Inter-Subject Analysis: Inferring Sparse Interactions with Dense Intra-Graphs
This work addresses a statistical challenge in neuroscience for analyzing functional connectivity between brain regions under natural stimuli, with incremental contributions to estimation and inference methods.
The paper tackles the problem of inferring sparse interactions between subjects in Inter-Subject Analysis (ISA) while allowing dense intra-subject dependencies, proposing a new modeling framework based on Gaussian graphical models with estimation and inference methods that achieve asymptotic consistency and validity without sparsity assumptions on the inverse Hessian.

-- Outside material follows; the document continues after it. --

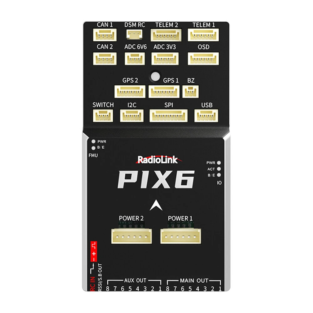 사양:브랜드: Radiolink모델: PIX6 비행 컨트롤러옵션 모드: GPS 포함 / GPS 미포함선택 가능 버전 : 비행기 헬리콥터용 (RC 비행기, 헬리콥터, RC 자동차, RC 보트와 호환 가능)멀티 로터 콥터용 (호환 가능)멀티로터 콥터하드웨어 사양주 프로세서: STM32F765VIT6Coprocessor: STM32F100센서자이로 및 가속도계 : BMI088, ICM-42688E-나침반: IST8310기압계: SPL06RAM 메모리 : 512 KB플래시 메모리: 2MBFRAM: 32KB, FM25V02A커넥터채널 출력: 16채널 출력 (메인 출력: 8채널; 보조 출력: 8채널)커넥터: POWER1,2 포트: HY-6P; DSM RC 포트: XH1.25-3P; 디버그 포트: 1.0-8P; 기타 포트: GH1.25CAN 포트: 2DSM RC: 1Mavlink UART: 2ADC: 3.3V*1&6.6V*1OSD: 1GPS UART: 2버저 : 1안전 스위치: 1I2C 포트: 1SPI 포트: 1USB 포트: 1전원 포트 : 2전력1: 전압 및 전류 모니터 입력(아날로그)Power2: SMBUS / I2C 전원 모듈 입력 (I2C)Type-C 포트: 1SD 카드 포트: 1FMU 리셋: 1디버그 포트: 1I/O 재설정 버튼: 1신호 (RC In): PPM/SBUS비디오 전송: HD 디지털 및 아날로그 비디오 전송이 지원됩니다RSSI 신호 입력: PWM/3.3VRSSI 신호 출력: 지원OneShot/DShot: 지원OSD 모듈: 지원, OSD 모듈 통합ESC 프로토콜: PWM/OneShot/DShotNeopix Led 연결: 지원그리퍼 기능: 지원전원 모듈 사양RTK: 지원무게: 전선 없이 24.5g (0.86oz)입력 전압 : 2-12S최대 감지 전류: 90A출력 전압 (BEC): 5.3V±0.2V현재 출력 (BEC): 2A단일 ESC 최대 감지 전류: 22.5A적응 가능한 모델비행기/2-8 코퍼/헬리콥터/차/보트/VTOL/잠수함/레이더트래커/로봇/잔디깎이사양크기: 95.5*51.5*15mm무게: 50g (전선 제외)USB 전압: 5V±0.3V작동 온도: -30~85℃특징:모든 모델을 위한 오픈 소스 비행 컨트롤러.안정성 향상을 위한 이중 내장 자이로.3. 고급 비행 기능을 위한 ArduPilot과(와) 호환됩니다.4. 고성능 F765 비행 컨트롤러.설치 및 구성이 쉽습니다.포함된 패키지:1x PIX6 (비행 제어)1x 전원 모듈 (2-12S)1x 안전 스위치 1x 부저2x 양면 접착 테이프1x 4G TF (MicroSD) 카드2x CAN1/2 포트 연결 케이블1x DSM RC 포트 연결 케이블1x ADC 6V6 포트 연결 케이블1x ADC 3V3 포트 연결 케이블2x TELEM1/2 포트 연결 케이블1x OSD 포트 연결 케이블2x GPS1/2 포트 연결 케이블1x 스위치 포트 연결 케이블1x I2C 포트 연결 케이블1x SPI 포트 연결 케이블1x POWER1 포트 연결 케이블1x POWERZ 포트 연결 케이블1x 디버그 포트 연결

We develop a new modeling framework for Inter-Subject Analysis (ISA). The goal of ISA is to explore the dependency structure between different subjects with the intra-subject dependency as nuisance. It has important applications in neuroscience to explore the functional connectivity between brain regions under natural stimuli. Our framework is based on the Gaussian graphical models, under which ISA can be converted to the problem of estimation and inference of the inter-subject precision matrix. The main statistical challenge is that we do not impose sparsity constraint on the whole precision matrix and we only assume the inter-subject part is sparse. For estimation, we propose to estimate an alternative parameter to get around the non-sparse issue and it can achieve asymptotic consistency even if the intra-subject dependency is dense. For inference, we propose an "untangle and chord" procedure to de-bias our estimator. It is valid without the sparsity assumption on the inverse Hessian of the log-likelihood function. This inferential method is general and can be applied to many other statistical problems, thus it is of independent theoretical interest. Numerical experiments on both simulated and brain imaging data validate our methods and theory.